Song
- Released: 1975
- Composer(s): Marvin Hamlisch
- Lyricist(s): Edward Kleban

= At the Ballet =

"At the Ballet" is a song from the musical A Chorus Line.

==Production==
Changed for Good: A Feminist History of the Broadway Musical noted:

Composer Marvin Hamlisch said that the song set the tone for all the music in the show; once the song was written, the creators understood "the shape and color of the piece as a whole".

==Synopsis==
The dancers explain their experiences with attending dance school, as well as family-related trauma. No matter how dark the rest of their world seems, they always feel happy and engaged "at the ballet".

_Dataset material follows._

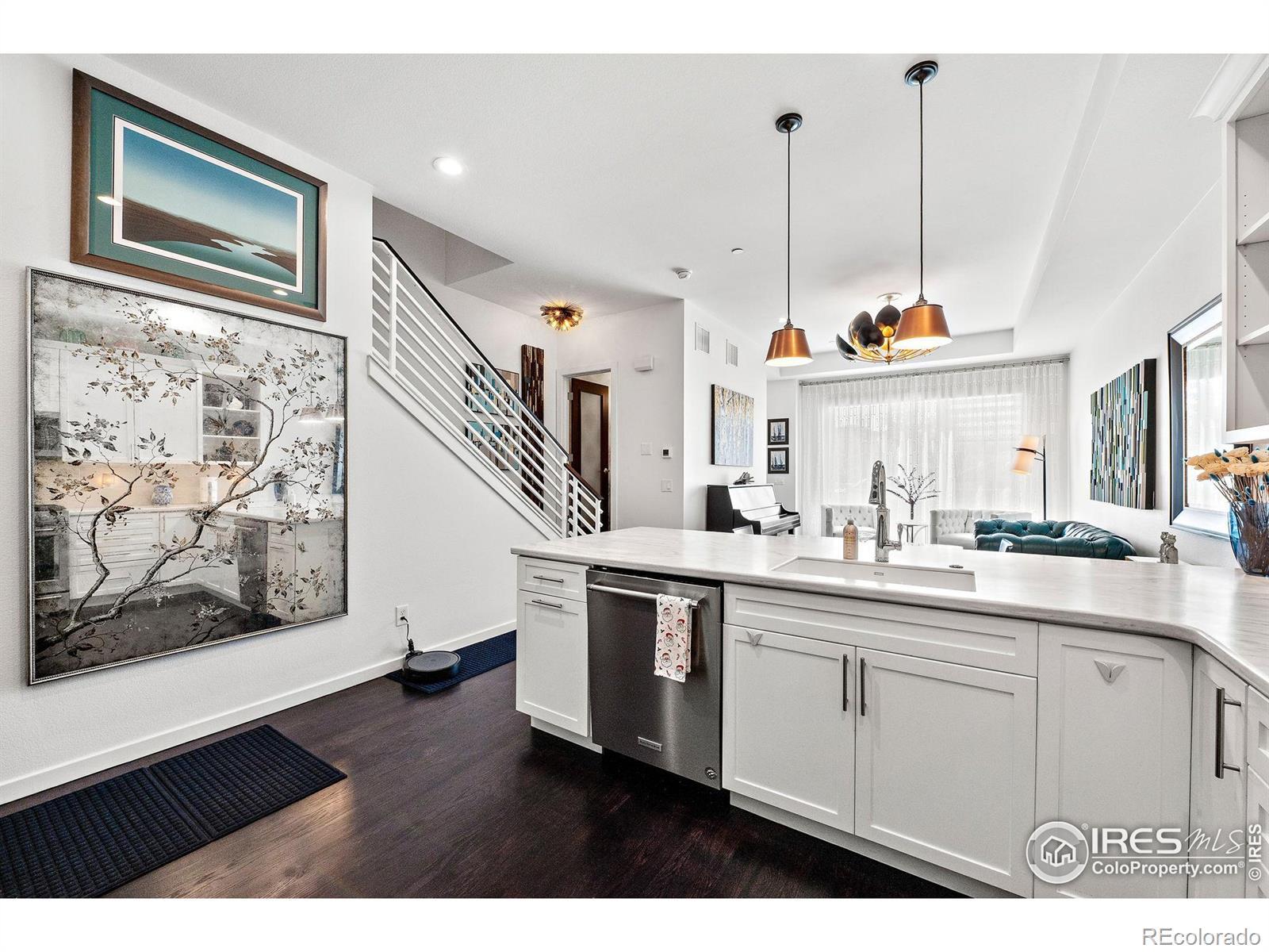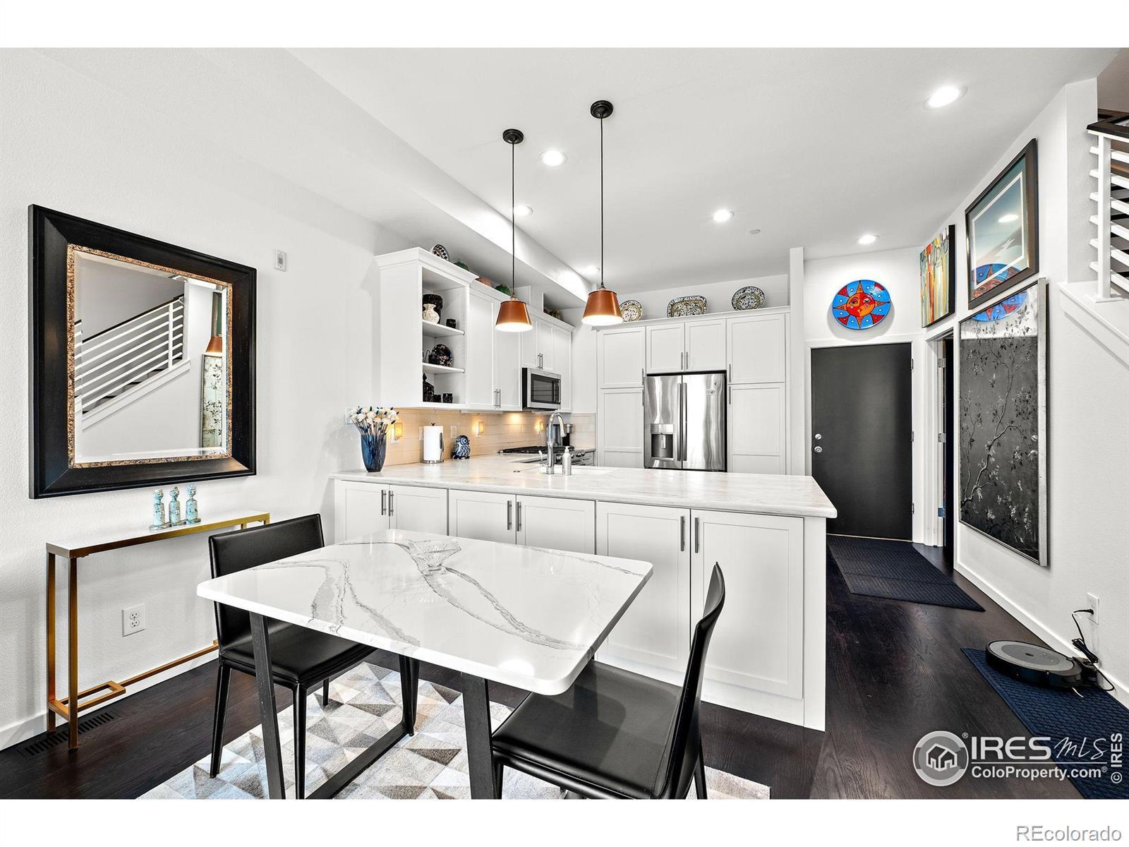 Don't miss this incredible Value in Northfield Village! This stunning, updated 3-bedroom, 4-bath home is loaded with high-end features and custom touches throughout. Enjoy a bright, open kitchen and living room with soaring 10-foot ceilings, large windows, and abundant natural light. The kitchen showcases upgraded cabinetry, countertops, appliances, and designer lighting - perfect for entertaining. Upstairs, you'll find an oversized primary suite with mountain views, a spa-inspired bath, and a custom walk in closet system. There is a second bedroom, as well as a converted loft that now serves as a stylish home office with barn doors. The finished basement offers a third (non-conforming) bedroom with new tile flooring and in-floor heat, a custom mini bar, and plenty of flexible space. This home shines with fresh paint, refinished hardwood floors, designer wallpaper, and 5 thoughtfully designed Elfa closets which elevate the home's livability. There is an attached 2-car garage. Step outside to a private enclosed courtyard, located across from a park with west-facing mountain views and in a dog-friendly neighborhood with multiple parks and endless biking and walking trails right out the door - this home truly has it all.

Musicals101 explains "At the Ballet" as a "poignant tribute to the escape Sheila, Bebe, and Maggie found in the beauty of ballet."

==Analysis==
Changed for Good: A Feminist History of the Broadway Musical explains: "Sheila, Bebe, and Maggie sing the same wistful melody; then their harmonies grow and build, one layering on the other".

==Critical reception==
AussieTheatre.com described it as a "poignant song".

==In popular culture==
The song was covered by the cast of Glee in the fourth season episode "Lights Out", performed by regular cast members Naya Rivera, Lea Michele and Chris Colfer with recurring guest star Sarah Jessica Parker. Barbra Streisand recorded the song in 2016 for her Encore: Movie Partners Sing Broadway album, with guest vocal performances by Anne Hathaway and Daisy Ridley.